The report says there could be up to 21,000 reported and unreported cases in Liberia and Sierra Leone alone by the end of this month and that cases could balloon to as many as 1.4 million by mid-January.

Experts have however cautioned that those predictions don’t take into account response efforts.

The CDC’s numbers seem “somewhat pessimistic” and do not account for infection control efforts already underway, said Dr. Richard Wenzel, a Virginia Commonwealth University scientist, who formerly led the International Society for Infectious Diseases.

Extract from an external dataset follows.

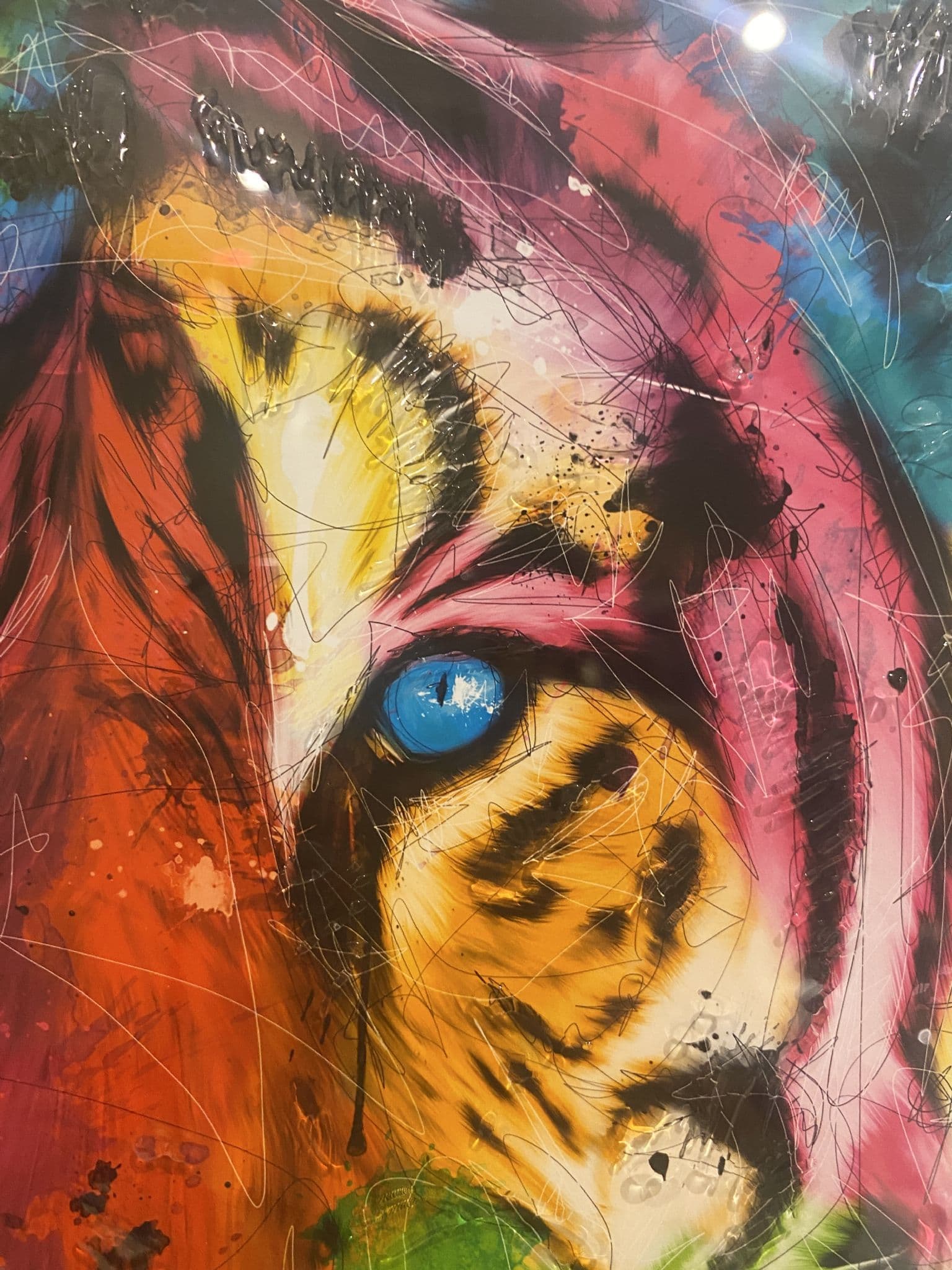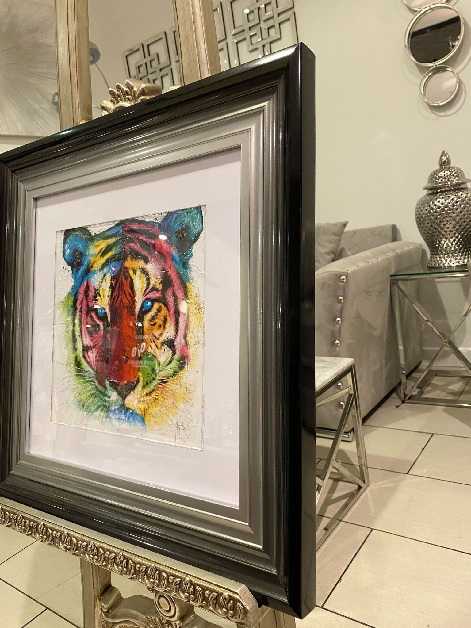 This picture is with a 'Multicolor Tiger' which exhibits a classy vibe with glitter details around the picture creating a smart look for your home. Finished with a black border step frame.

In recent weeks, health officials worldwide have stepped up efforts to provide aid, but the virus is still spreading. There are no enough hospital beds, health workers or even soap and water in the hardest-hit Guinea, Sierra Leone and Liberia.

Last week, the US announced it would build more than a dozen medical centres in Liberia and send 3,000 troops to help.

Britain and France have also pledged to build treatment centres in Sierra Leone and Guinea and the World Bank and UNICEF have sent more than $1m worth of supplies to the region.

“We’re beginning to see some signs in the response that gives us hope this increase in cases won’t happen,” said Christopher Dye, WHO’s director of strategy and co-author of the study published by the New England Journal of Medicine, who acknowledged that the predictions come with a lot of uncertainties.

“This is a bit like weather forecasting. We can do it a few days in advance, but looking a few weeks or months ahead is very difficult,” he stated.

WHO also calculated the death rate to be about 70 percent among hospitalised patients but noted that many Ebola cases were only identified after they died. Dye said there was no proof Ebola was more infectious or deadly than in previous outbreaks.

Other experts questioned WHO’s projections and said Ebola’s spread would ultimately be slowed not only by containment measures but by changes in people’s behaviour.

“It’s a big assumption that nothing will change in the current outbreak response,” said Dr. Armand Sprecher, an infectious diseases specialist at Doctors Without Borders.

“Ebola outbreaks usually end when people stop touching the sick. The outbreak is not going to end tomorrow but there are things we can do to reduce the case count,” he said.